**Problem requirements:**
A verbatim transcript of the data that follows, free of images, is the expected result.

**Raw data:**
══════════════════════════════
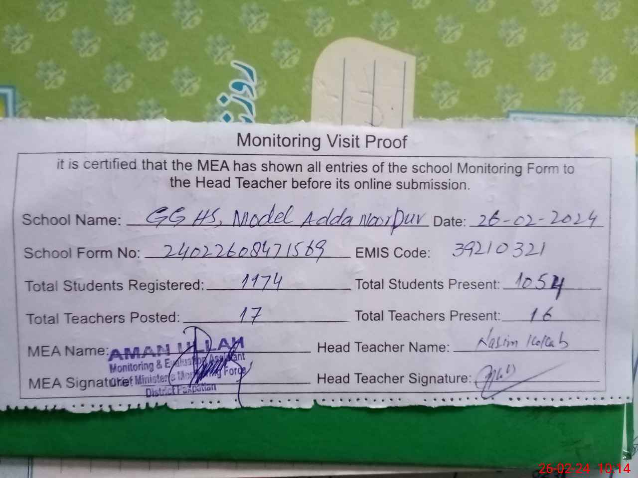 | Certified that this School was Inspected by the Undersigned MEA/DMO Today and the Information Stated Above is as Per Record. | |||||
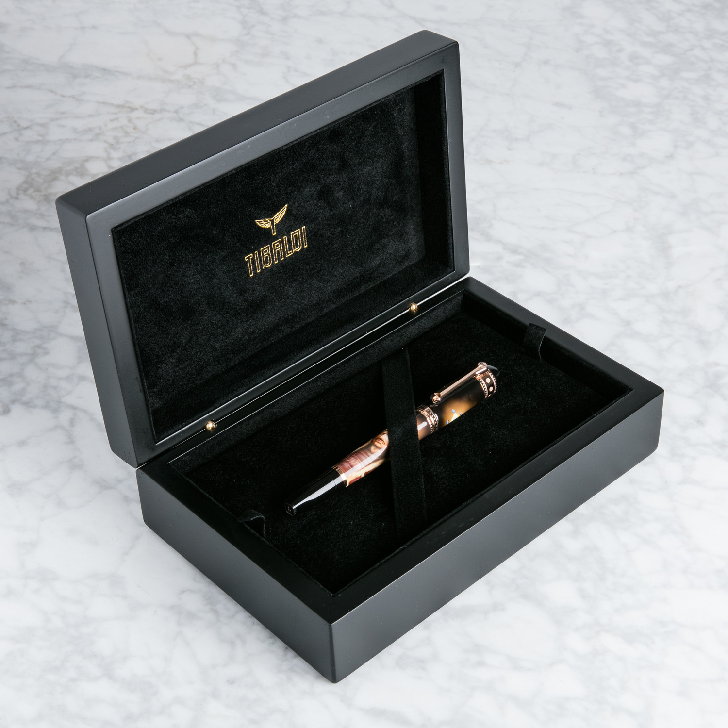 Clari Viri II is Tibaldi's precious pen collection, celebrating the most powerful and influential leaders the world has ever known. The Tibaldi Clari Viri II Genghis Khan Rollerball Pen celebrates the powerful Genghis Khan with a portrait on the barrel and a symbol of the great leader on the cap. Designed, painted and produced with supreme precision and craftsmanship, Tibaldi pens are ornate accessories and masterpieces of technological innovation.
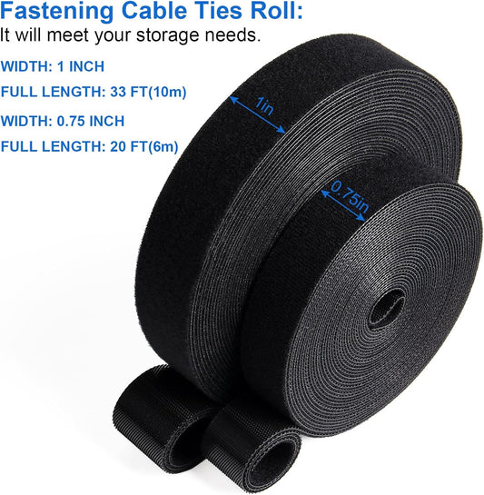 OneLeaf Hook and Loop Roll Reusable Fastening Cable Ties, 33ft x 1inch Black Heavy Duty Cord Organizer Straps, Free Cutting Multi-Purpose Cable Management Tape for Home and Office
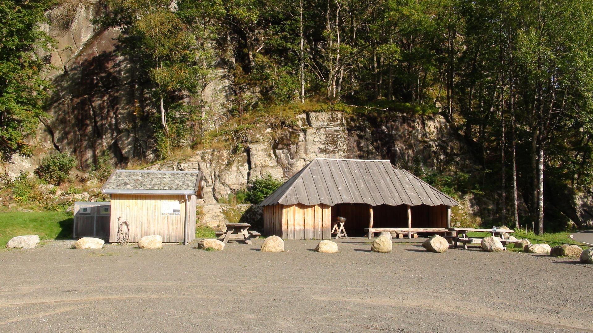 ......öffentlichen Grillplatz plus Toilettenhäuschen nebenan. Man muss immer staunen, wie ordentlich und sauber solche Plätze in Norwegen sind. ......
══════════════════════════════
**Final answer:**
 | Certified that this School was Inspected by the Undersigned MEA/DMO Today and the Information Stated Above is as Per Record. | |||||
 Clari Viri II is Tibaldi's precious pen collection, celebrating the most powerful and influential leaders the world has ever known. The Tibaldi Clari Viri II Genghis Khan Rollerball Pen celebrates the powerful Genghis Khan with a portrait on the barrel and a symbol of the great leader on the cap. Designed, painted and produced with supreme precision and craftsmanship, Tibaldi pens are ornate accessories and masterpieces of technological innovation.
 OneLeaf Hook and Loop Roll Reusable Fastening Cable Ties, 33ft x 1inch Black Heavy Duty Cord Organizer Straps, Free Cutting Multi-Purpose Cable Management Tape for Home and Office
 ......öffentlichen Grillplatz plus Toilettenhäuschen nebenan. Man muss immer staunen, wie ordentlich und sauber solche Plätze in Norwegen sind. ......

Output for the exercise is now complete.